Applications of Computers
in Assessment and Analysis of Writing
Mark D. Shermis, Jill Burstein, and Claudia Leacock
It has been almost 40 years since Ellis "Bo" Page prophesized the imminence of grading essays by computer. As a former high school English teacher, he envisioned a world where computers could assist in reducing the burden of grading written English. Later, as a seminal educational researcher, his desire was to implement a system that would operationalize what 50 years of research has shown us: Students become better writers by writing more. His landmark article in Phi Delta Kappan (Page, 1966) forecast this, but it took another 7 years to produce a working model (Ajay, Tillett, & Page, 1973) using FORTRAN code and a large mainframe computer. The result was Project Essay Grade (PEG). In order to submit text to the essay grader, written documents had to be transferred to awkward IBM 80-column punched cards, an overwhelming task for the technology of the day. Beyond this handicap, the technology performed as well or better than the ratings assigned by humans (Ajay et al., 1973).
In the early 1990s, Page refashioned PEG with a more sophisticated parser, real-time calculations, and a Web-based interface (Shermis, Mzumara, Olson, & Harrington, 2001). The details of this new format are explored further in this chapter, demonstrating the way automated essay scoring (AES) works, the kinds of software programs it uses, and some emerging applications.
AES is the evaluation of written work via computers. Initial research restricted AES to English but has recently extended to Japanese (Kawate-Mierzejewska, 2003), Hebrew (Vantage Learning, n.d.), Bahasa (Vantage Learning, 2002), and other languages.
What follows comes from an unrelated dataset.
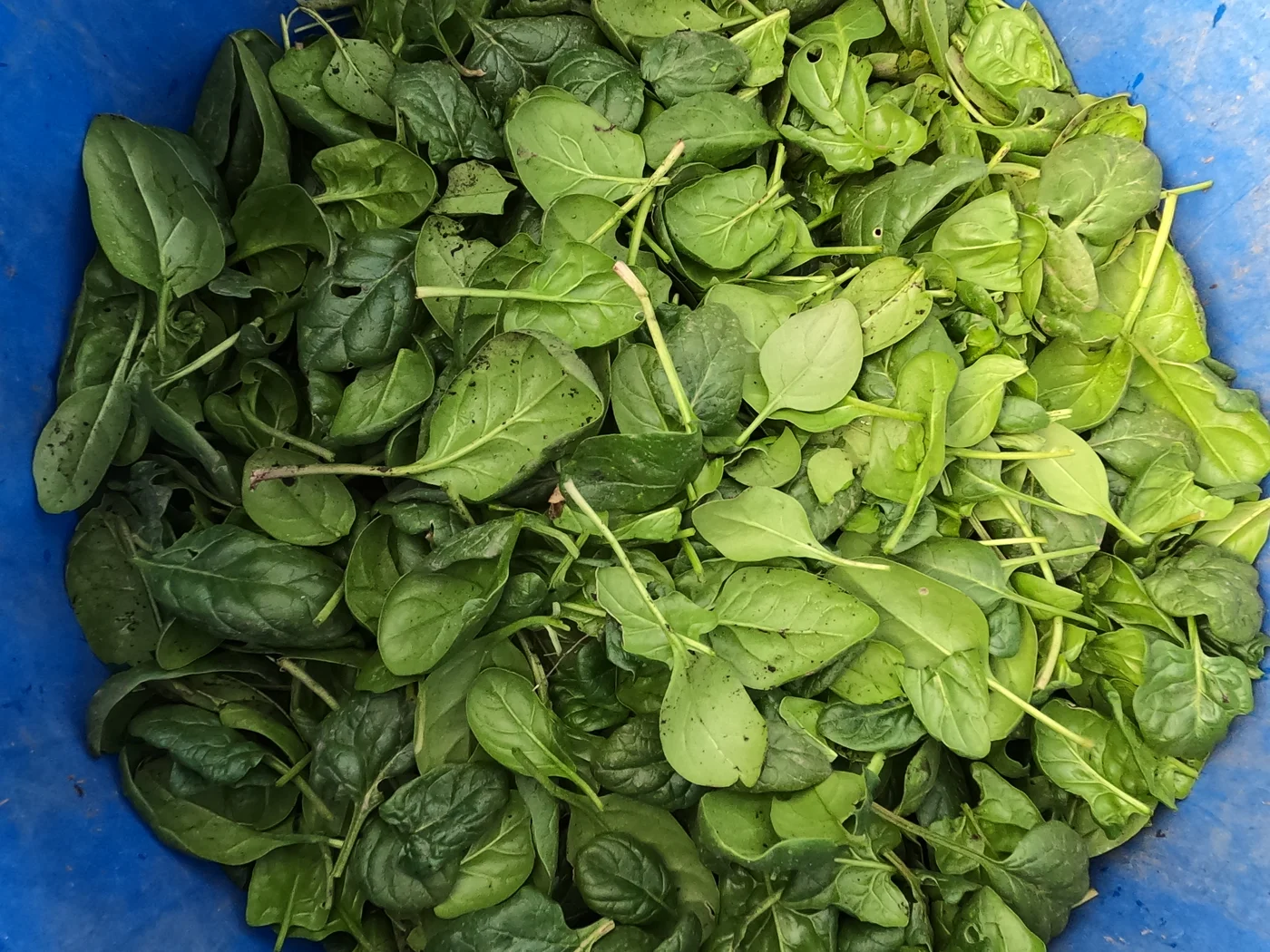 - Harvested and washed spinach.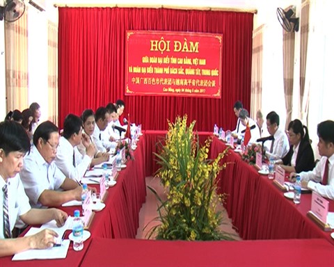 | Entretien entre les autorités de la province de Cao Bang et la délégation de la ville de Baise, province chinoise du Guangxi, le 4 mai à Cao Bang. |

The interfaces are predominantly Internet-based, though there are some implementations that use CD-ROMs.
Most packages place documents within an electronic portfolio. They provide a holistic assessment of the writing, which can be supplemented by trait scores based on an established rubric, and may provide qualitative critiques through discourse analysis. Most use ratings from humans as the criterion for determining accuracy of performance, though some of the packages will permit validation against other sources of information (e.g., large informational databases).
Obviously, computers do not "understand" written messages in the same way that humans do, a point that maybeunnerving until one reflects on ways alternative technologies achieve similar results. Thus, cooking was once associated primarily with convection heating, a form of heating external to the food. But by thinking "outside the box," we can see that the same outcome can be achieved by a technology not based on convection, but on molecular activity within the uncooked items (i.e., the microwave oven).